By: Racheli Reckles
The invention of Penicillin was heralded as nothing short of a miraculous life-saver against infections. Nowadays, penicillin-based medicines are the go-to antibiotic to deal with systemic infections. Along with its rising popularity have come the ever-increasing abuse of antibiotics. This is in part, I believe, due to a mental phenomenon that modern medicine has created, called “Lazy Patient-itis.”
Instead of using the internet to research natural-based cures for non-life-threatening illnesses, the masses prefer to use it to pollute their brains with horrifying and perverse images of ISIS-sponsored beheadings or see who can speak the most lashon hara on Facebook. Most of us these days run to the doctor diety in the hopes for a quick and easy fix, instead of taking responsibility for our health.
In my opinion, we are seeing the same phenomenon happening with Ritalin and other Schedule II narcotics, in the same class as cocaine, morphine, and amphetamines. Instead of dealing with the issue in a less comfortable way that could ultimately lead to a healthy, balanced, well-functioning humanbeing, many rely on the strictly medical route to resolve the ever-increasing phenomenon of ADHD. This reliance may not exclusively result from a search for a convenient solution; it may result from peer pressure, lack of knowledge, pressure from the pediatrician, and/or self-induced or mother-in-law-induced guilt.
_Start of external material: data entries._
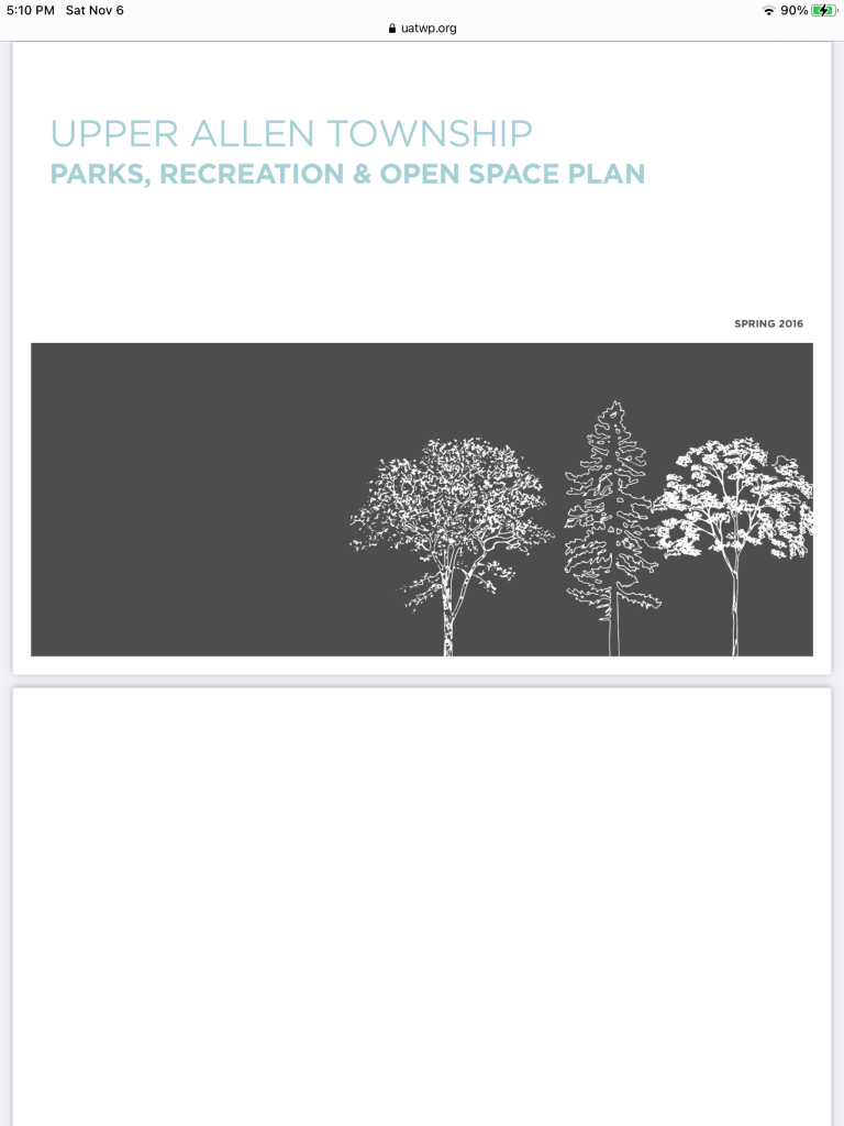 At the May 4, 2022 BOC Meeting, Ms. Debbie Goetz (of 1117 McCormick Rd.) made Public Comment and provided a Letter of Support for passive use and urged the Commissioners to consider buying the Banzhoff tract (currently “For Sale”) to bolster Upper Allen’s Park, Recreation and Open Space and provide creek access. See: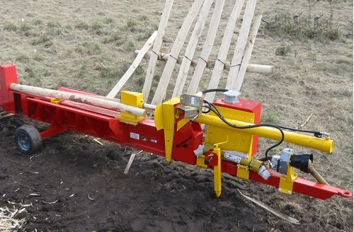 La fendeuse de pieux TRAINEE a une capacité de fendage de pieux fixe de 2,60 m (3,20 m en option). Le transport peut se faire par un tracteur de faible puissance grâce aux deux roues et la flèche d’attelage.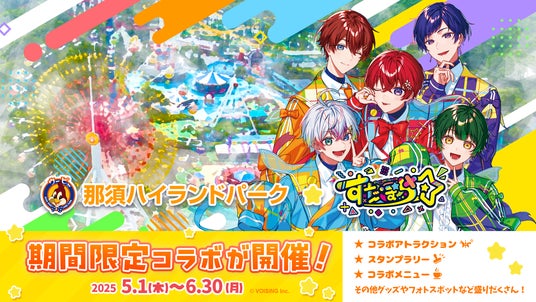 栃木県那須町にある北関東最大級の遊園地「那須ハイランドパーク」(所在地:栃木県那須郡那須町高久乙3375)は、大人気歌い手グループ「すたぽら」の4周年を記念したコラボイベント「那須ハイランドパーク×すたぽら」を、2025年5月1日(木)から6月30日(月)まで開催いたします。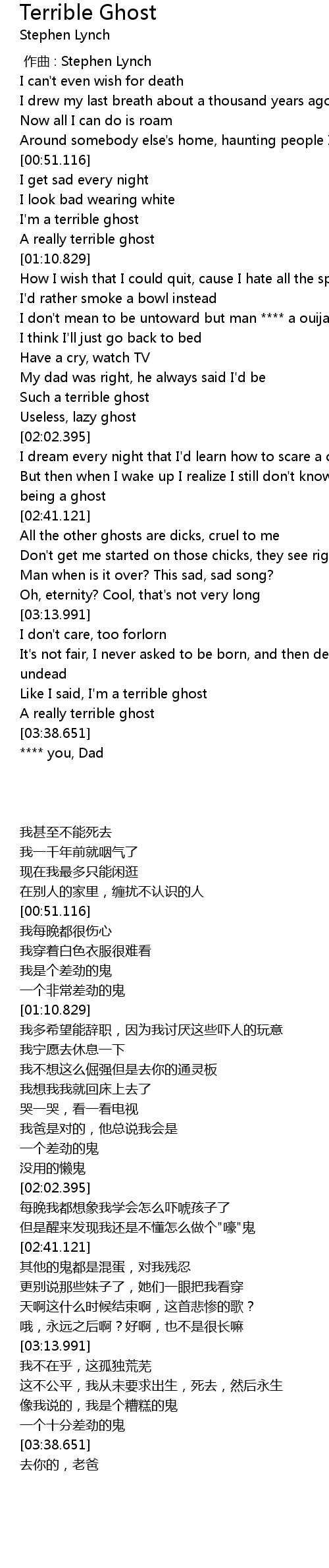 | [03:29.083] | Like I said, I' m a terrible ghost |

I’m going to share with you my experience, in the hopes that you, as parents, will strongly reconsider the treatment modality you currently have your children on. I am not in any way suggesting that you do what I did, nor am I in any way belittling or minimizing the extent of your child’s issue. The ultimate solutions are for you to decide, using your G-d given innate wisdom, Google, and lots of personal prayer. At the very least, you should be aware that there are options, and don’t let anyone force you into doing anything that goes against your innate wisdom.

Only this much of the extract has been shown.